Normalized Difference Vegetation Index (NDVI) conveys valuable information relating to vegetation properties on the land surface [1,2]. NDVI is a vegetation index derived from optical remote sensors and represents the reflective and absorptive characteristics of vegetation in the red and near infrared (NIR) bands of the electromagnetic spectrum. For this reason, a chronological analysis of NDVI can indicate changes in vegetation conditions proportional to the absorption of photo-synthetically active radiation [3]. Such time series analyses of NDVI can detect the impact of natural events or anthropogenic disturbances on vegetation and can play an important role in natural resource management [4]. Furthermore, NDVI change detection can provide multi-dimensional information such as differences in urban land use/land cover changes [5], vegetation dynamics, surface elevation and floodplain dynamics [6].

The raw data for NDVI can be downloaded at no cost from several publicly available optical remote sensor repositories such as the Advanced Very High Resolution Radiometer (AVHRR), Moderate Resolution Imaging Spectro-radiometer (MODIS)-TERRA, MODIS-AQUA and Landsat satellites. Commercial satellites such as Satellite Pour l'Observation de la Terre (SPOT) also provide NDVI information. Among the publicly available sensors, Landsat has longest data record and is applicable for modeling terrestrial ecosystems on global, continental, and regional scales.
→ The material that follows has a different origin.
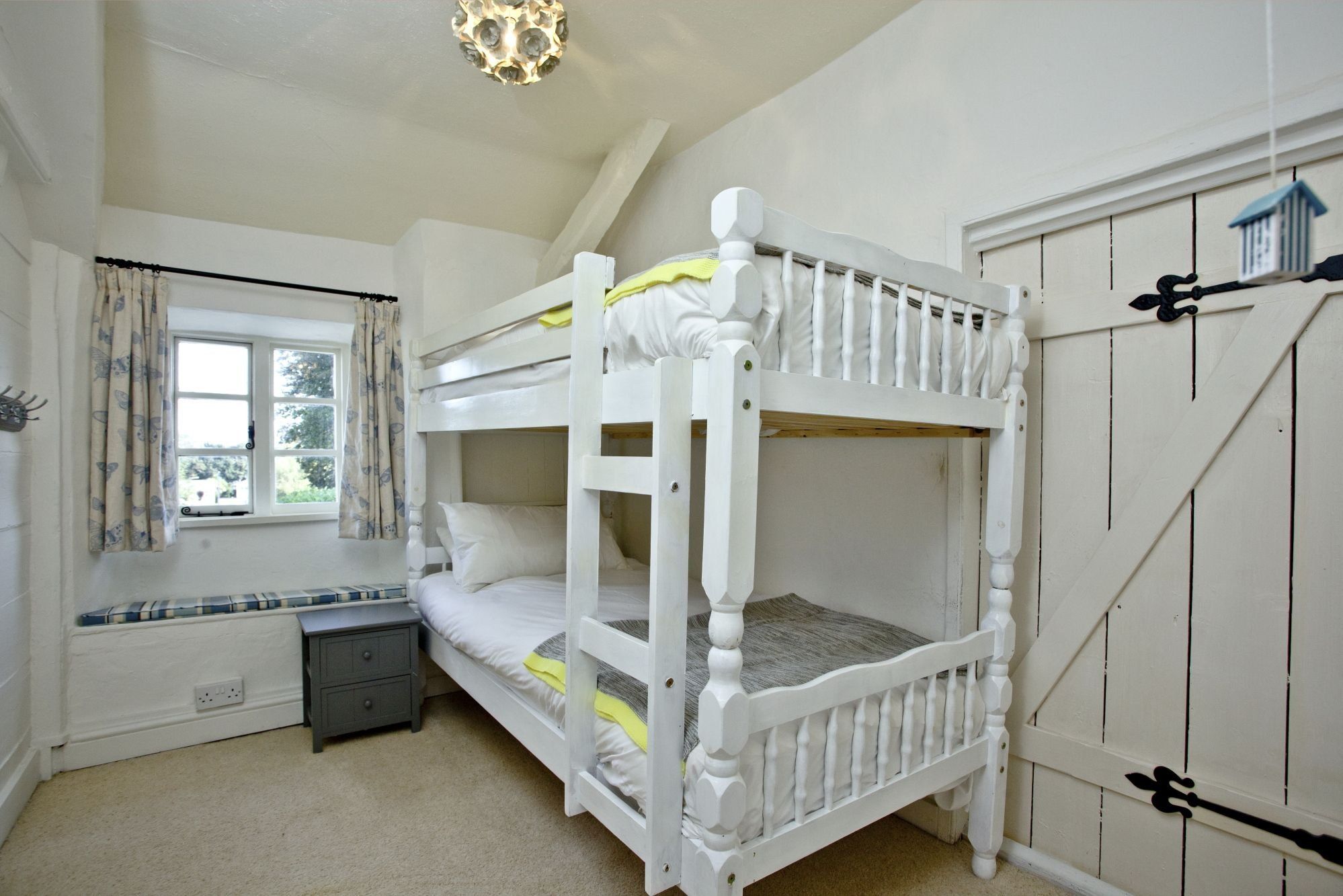 Bunk bed, bedside cabinet and window seat. The bunk beds are only suitable for children. There is a double sofa bed in the living area for groups of eight adults..
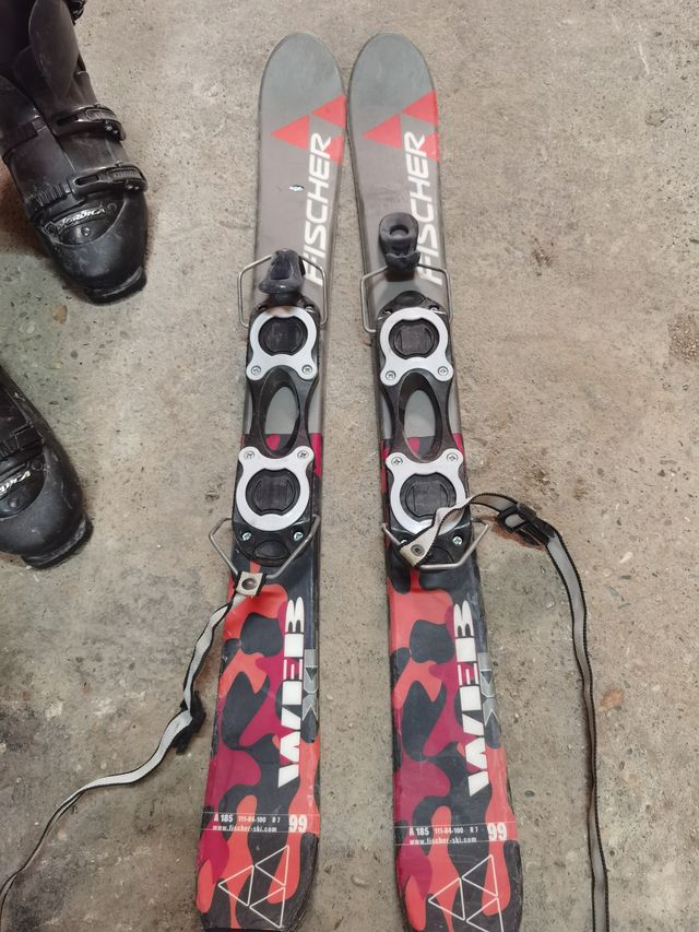 - Dos esquís Fischer, con estampado rojo y negro.

The main drawback of Landsat, as with any optical satellite sensor, is that the imagery can be obscured, shadowed, or saturated. The effects of clouds and cloud shadows, atmospheric variability, and bi-directional effects include the outright omission or skewing of readings in the image. These issues hamper the monitoring of terrestrial ecosystems and introduce undesirable noise [7,8]. This is especially significant in change detection analyses at climatic time scales. Errors due to the presence of clouds introduce uncertainties in satellite images during information retrieval, signal processing, data compression and distribution procedures causing anomalous results that are often difficult to correct [9,10].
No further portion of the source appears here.